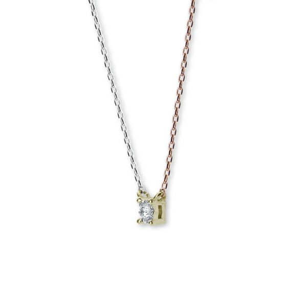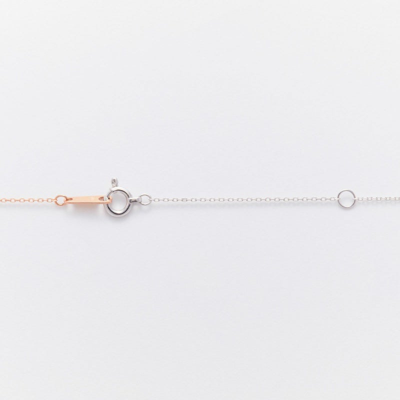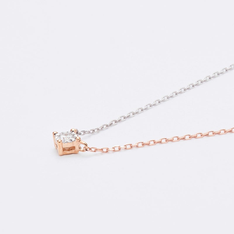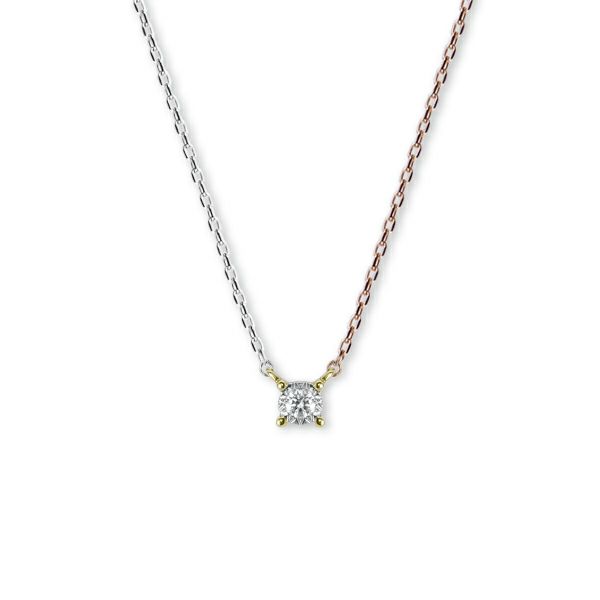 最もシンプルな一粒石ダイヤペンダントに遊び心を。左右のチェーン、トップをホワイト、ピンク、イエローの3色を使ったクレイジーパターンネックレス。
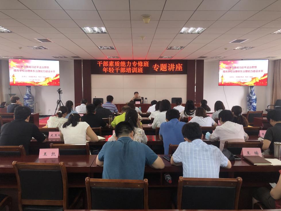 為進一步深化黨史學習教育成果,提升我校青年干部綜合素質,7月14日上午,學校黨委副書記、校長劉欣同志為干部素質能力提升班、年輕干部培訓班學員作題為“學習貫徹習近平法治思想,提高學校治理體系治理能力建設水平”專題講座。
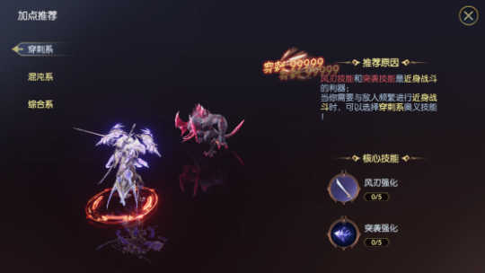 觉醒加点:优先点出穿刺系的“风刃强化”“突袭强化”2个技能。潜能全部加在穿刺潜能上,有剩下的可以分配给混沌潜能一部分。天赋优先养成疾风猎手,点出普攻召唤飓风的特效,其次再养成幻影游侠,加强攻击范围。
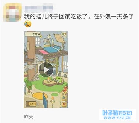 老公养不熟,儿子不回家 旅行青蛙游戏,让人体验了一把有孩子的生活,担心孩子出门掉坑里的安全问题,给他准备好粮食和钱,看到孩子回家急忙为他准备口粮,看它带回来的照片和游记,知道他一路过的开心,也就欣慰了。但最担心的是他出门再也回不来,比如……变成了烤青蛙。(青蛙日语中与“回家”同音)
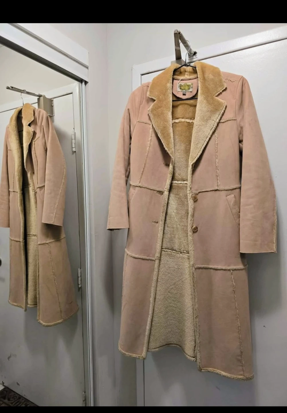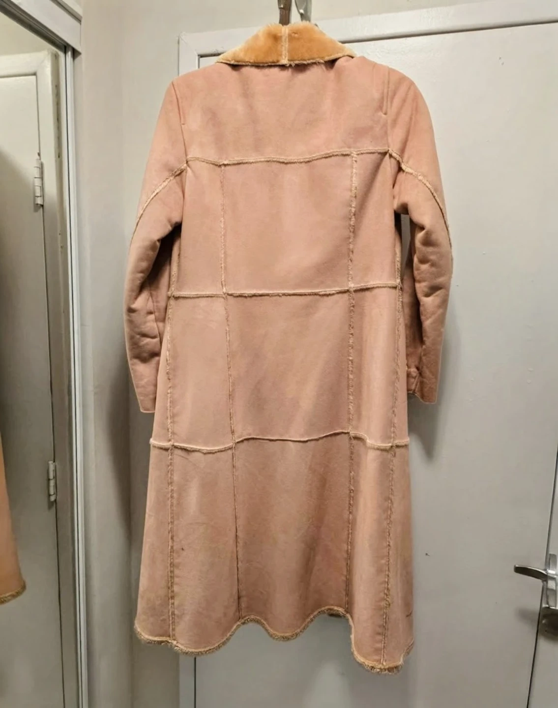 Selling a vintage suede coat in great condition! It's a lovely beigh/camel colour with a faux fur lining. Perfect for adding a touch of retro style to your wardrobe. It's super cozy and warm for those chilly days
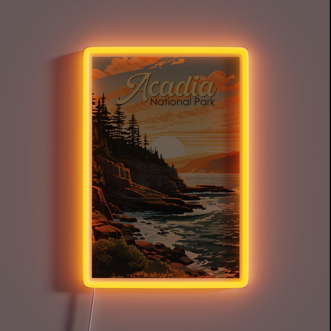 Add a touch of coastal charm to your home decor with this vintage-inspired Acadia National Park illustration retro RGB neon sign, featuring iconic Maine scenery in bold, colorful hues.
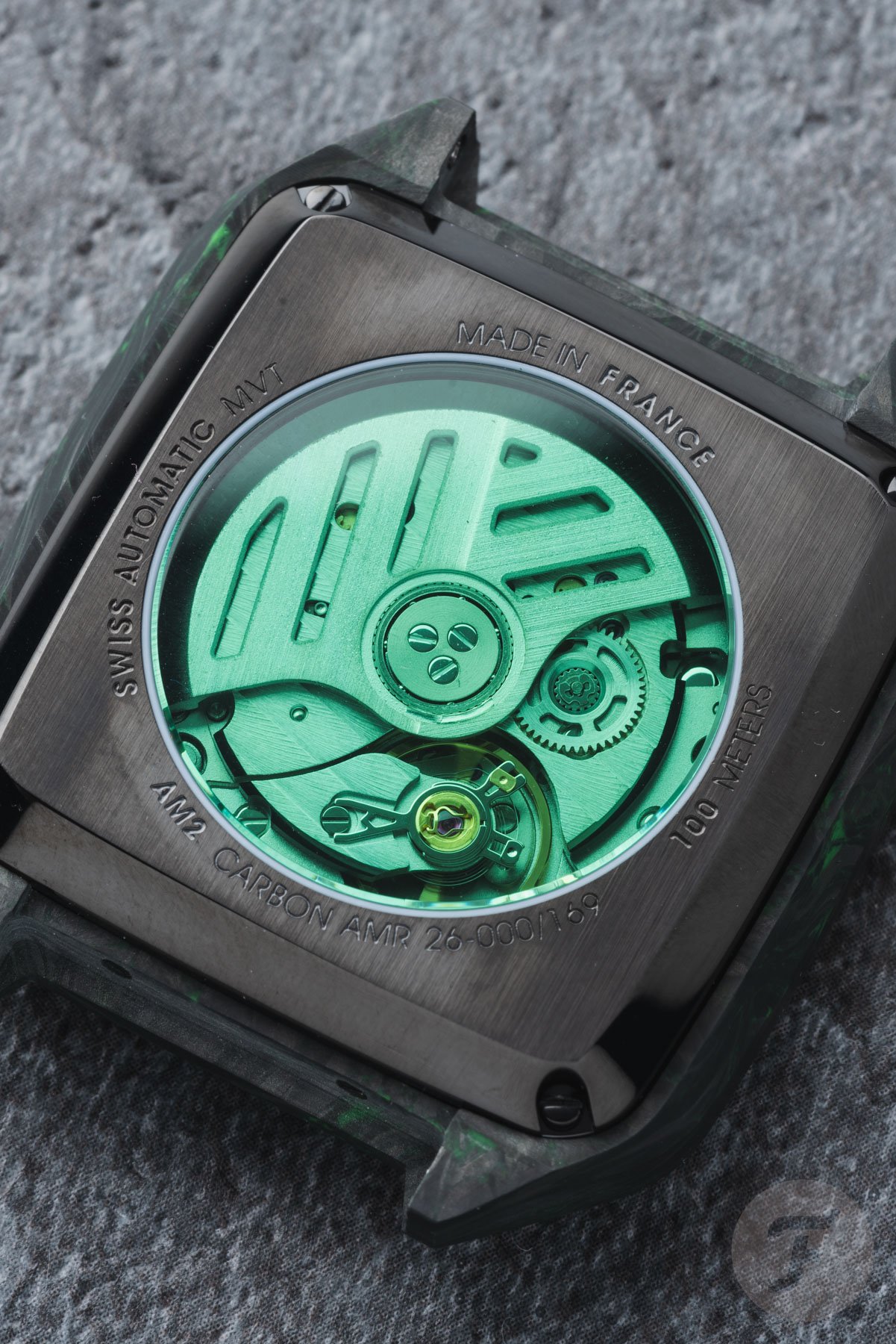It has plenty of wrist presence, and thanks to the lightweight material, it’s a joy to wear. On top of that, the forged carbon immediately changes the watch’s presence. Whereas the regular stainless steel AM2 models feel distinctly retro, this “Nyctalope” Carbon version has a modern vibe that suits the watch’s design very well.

* PROBLEM DESCRIPTION
The final stretch of the data, from the line with "Selling a vintage" through its last line, is to be retyped exactly; pictures are not part of the copy.

* TASK RESULT
 Selling a vintage suede coat in great condition! It's a lovely beigh/camel colour with a faux fur lining. Perfect for adding a touch of retro style to your wardrobe. It's super cozy and warm for those chilly days
 Add a touch of coastal charm to your home decor with this vintage-inspired Acadia National Park illustration retro RGB neon sign, featuring iconic Maine scenery in bold, colorful hues.
It has plenty of wrist presence, and thanks to the lightweight material, it’s a joy to wear. On top of that, the forged carbon immediately changes the watch’s presence. Whereas the regular stainless steel AM2 models feel distinctly retro, this “Nyctalope” Carbon version has a modern vibe that suits the watch’s design very well.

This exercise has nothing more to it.